I didn't time the detox well, so it's going to be through Christmas, but I knew that if I waited until after Christmas, my sugar dependency would only get worse.
I'm doing well, and I know I will not quit the detox. I'm 1.5 weeks in, and I'm in a weird place where I don't feel tempted by unhealthy foods because I'm so determined to complete the challenge. However, I know that if I were to quit right now, I would promptly face-plant into a pile of sugar.

So my question is: will that happen after the detox is over?
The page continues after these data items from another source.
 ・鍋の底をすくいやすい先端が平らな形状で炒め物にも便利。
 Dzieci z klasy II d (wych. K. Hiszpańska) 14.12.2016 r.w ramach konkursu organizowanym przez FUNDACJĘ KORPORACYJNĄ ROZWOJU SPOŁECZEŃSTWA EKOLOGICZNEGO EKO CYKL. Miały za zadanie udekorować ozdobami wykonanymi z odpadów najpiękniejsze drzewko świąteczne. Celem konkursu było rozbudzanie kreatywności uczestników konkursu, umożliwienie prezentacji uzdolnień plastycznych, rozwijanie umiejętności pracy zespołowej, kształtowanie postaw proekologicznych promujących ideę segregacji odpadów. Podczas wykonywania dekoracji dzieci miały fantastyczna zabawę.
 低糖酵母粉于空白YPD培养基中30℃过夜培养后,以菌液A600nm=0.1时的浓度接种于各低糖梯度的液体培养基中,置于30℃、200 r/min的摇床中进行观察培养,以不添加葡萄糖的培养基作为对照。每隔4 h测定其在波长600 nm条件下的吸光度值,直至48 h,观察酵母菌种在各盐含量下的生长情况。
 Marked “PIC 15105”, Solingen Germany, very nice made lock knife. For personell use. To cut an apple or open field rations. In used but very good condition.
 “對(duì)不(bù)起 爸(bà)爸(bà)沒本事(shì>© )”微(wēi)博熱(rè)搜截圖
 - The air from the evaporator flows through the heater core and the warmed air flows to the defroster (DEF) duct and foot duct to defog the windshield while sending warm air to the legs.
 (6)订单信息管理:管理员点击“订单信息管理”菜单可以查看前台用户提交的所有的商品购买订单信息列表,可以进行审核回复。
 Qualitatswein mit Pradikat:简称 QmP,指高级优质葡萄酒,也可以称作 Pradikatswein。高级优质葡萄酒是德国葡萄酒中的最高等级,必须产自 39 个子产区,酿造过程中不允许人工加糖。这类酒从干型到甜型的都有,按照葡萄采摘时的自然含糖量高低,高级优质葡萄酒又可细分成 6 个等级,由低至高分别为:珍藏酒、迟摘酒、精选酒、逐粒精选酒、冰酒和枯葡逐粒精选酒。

Some people who have done this say that their palate readjusted and they didn't crave junk food anymore. That was my goal in doing the challenge, because before this I craved sugar 24/7. But I can't imagine that happening with me because I've loved sweets for my entire life, and the only thing that keeps me going is me constantly saying to myself: "I can have it in a month". When I see a cupcake, I start drooling, and I sometimes even dream about dessert! I want these things so badly, even though I have no desire to abandon my goal. Seriously--I think about sugar/what I'm going to eat after the detox all the time, so something tells me that my mentality is not in the right place, and I could end up back at the drawing board once the detox is over.
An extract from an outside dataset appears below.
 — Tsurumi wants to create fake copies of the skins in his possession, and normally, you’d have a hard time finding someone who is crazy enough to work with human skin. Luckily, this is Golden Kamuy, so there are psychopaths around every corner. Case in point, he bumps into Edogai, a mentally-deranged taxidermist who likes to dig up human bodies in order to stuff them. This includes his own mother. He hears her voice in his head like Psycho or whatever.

So what happens on day 32, when the challenge is over and I'm allowed to have sweets "in moderation"/"every once and a while"? Will I really be able to do moderation? My biggest worry is that I'll eat a cookie, realize what I've been missing, and then be unable to stop. I'm worried that I'll just go right back to where I started when I see a piece of cake and I'm no longer thinking, "I want to complete the challenge."

I know I've learned some good lifestyle tips, but my biggest goal was to be able to eat one cookie and not one the entire box. But I feel like at this point, if the challenge ended early, I'd eat TWO boxes of cookies.

Thoughts? Do you guys really think that doing this challenge will change my palate for good, and that I'll be able to eat a piece of cake and not go back for fifths? Or do you think that doing this will make my sugar craze worse because I'm denying myself something? My family and friends are split and I don't know what will happen come New Years. I thought that this would reduce my sugar cravings, but I'm honestly just thinking about what I'll eat after this thing is over.

Any advice on reintroducing sugar/doing moderation would be appreciated.